Sunday, March 11, 2012 at 4:00PM ILECs, Cable, ISPs Come Together on Symmetric Originating Access
NTCA and Others Send Letter to FCC Explaining Unexpected Shared View
On March 8, 2012 NTCA, NCTA, Cbeyond, Earthlink, Integra Telecom, Frontier, tw telecom, and Windstream wrote to FCC Chairman Julius Genachowski to express their thoughts on the treatment of originating access charges. The group writes, “The undersigned parties do not necessarily share a common view on the appropriate long-term framework for originating access, but we all agree that, consistent with the principle of symmetric treatment established in the CAF Order, the Commission should resolve this dispute by stating that all originating access charges are subject to the same treatment pending further reform.” Considering that many of the undersigned represent polar opposite viewpoints on other aspects of USF/ICC reform, this letter appears to signal a significant industry consensus on one of the important issues that the FCC is likely to rule on in the coming months. Originating access is one of the topics in the second part of the FNPRM, to which comments were filed last month.
The letter continues, “There are numerous advantages to the Commission acting quickly to state that the appropriate jurisdictional originating access rates apply for all traffic and all originating intrastate access traffic will be treated the same prior to the completion of the public comment process that is currently underway. By providing for the symmetrical treatment of originating access in the near term, the Commission will avoid creating further asymmetries between VoIP-PSTN and non-VoIP-PSTN traffic and foreclose what otherwise could be new avenues of arbitrage.” The group asks the FCC to cap intrastate originating access rates at the December 29, 2011 level for price cap carriers and CLECs that benchmark access rates to price cap carriers; and “place no limits on originating access rates for rate-of-return carriers and CLECs that benchmark to rate-of-return carriers.”

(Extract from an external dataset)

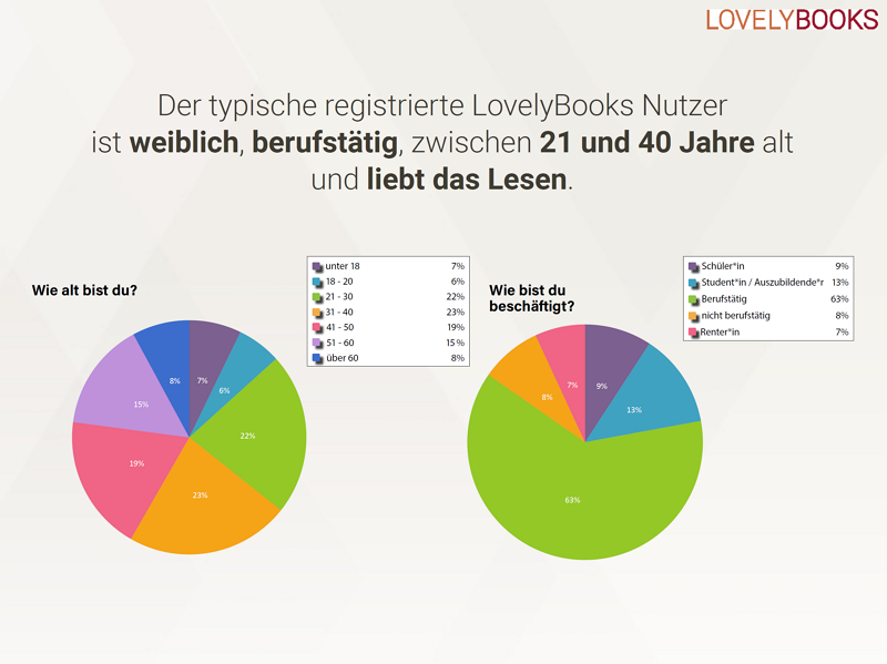 Laut der aktuellen Lovelybooks-Umfrage 2021 sind die typischen registrierten Lovelybooks-Nutzer weiblich, berufstätig und zwischen 21 und 40 Jahre alt.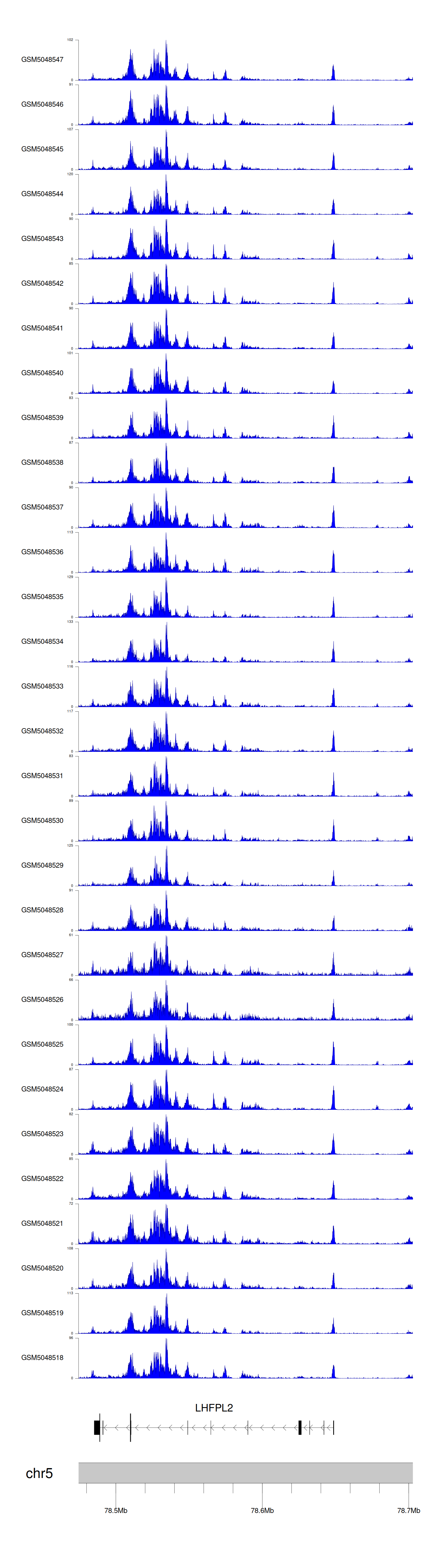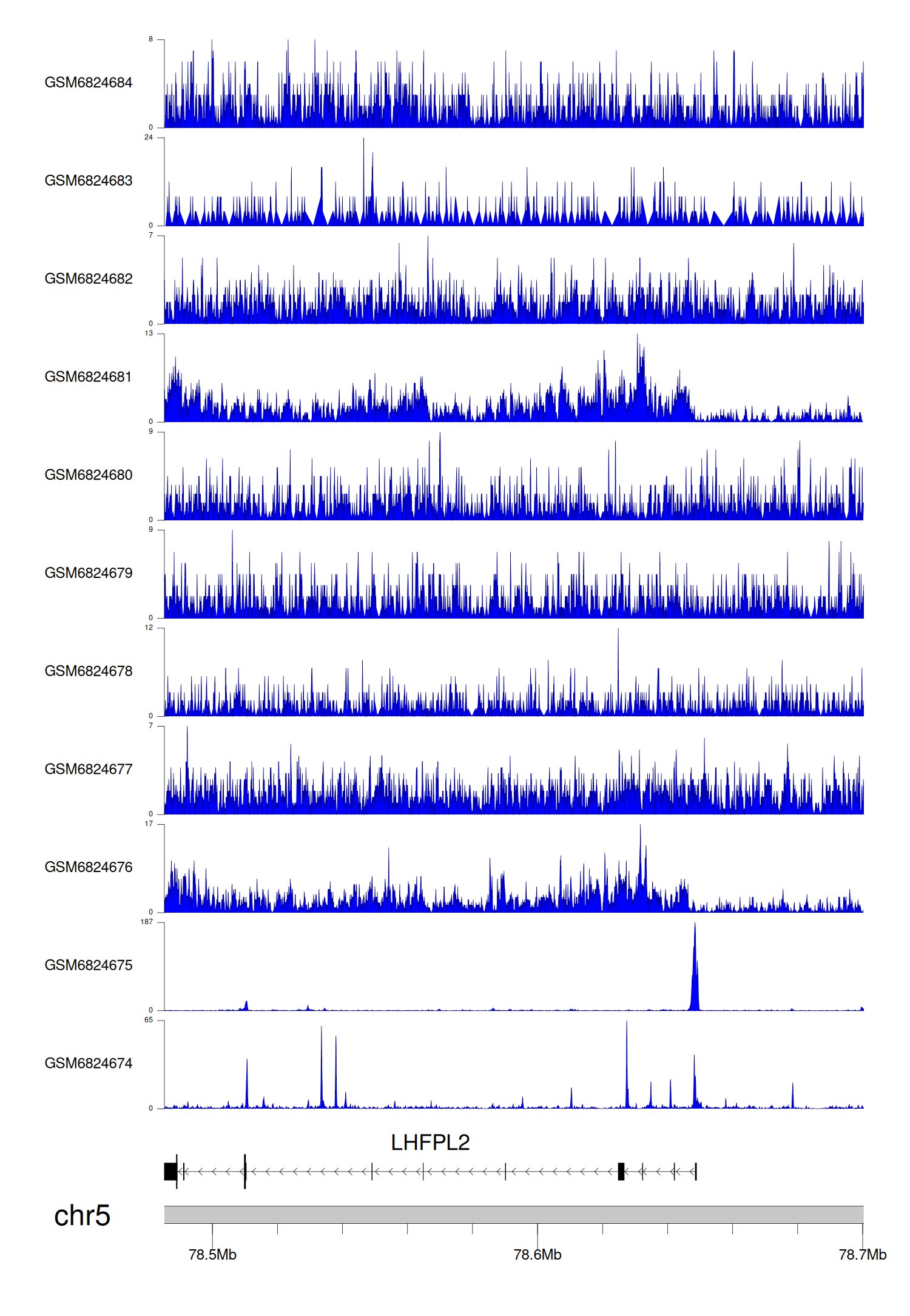 > Dataset: GSE144329 - LHFPL2 peak across samples

In addition to curbing arbitrage and avoiding asymmetries between different types of traffic, the group believes that this approach “would ensure that reforms do not disrupt further broadband investment by incumbents or competitors,” and “defer any need to reexamine access replacement support in response to originating access charge reduction.” In previous comments, NTCA and the Rural Associations urged the FCC not to reduce RLEC originating access rates to zero under a bill-and-keep methodology because the impacts of terminating access reduction and other ICC reforms are still unknown. The Rural Associations argued that RLECs would have a difficult time recovering originating access revenue, which could lead to unpleasant rate increases for customers.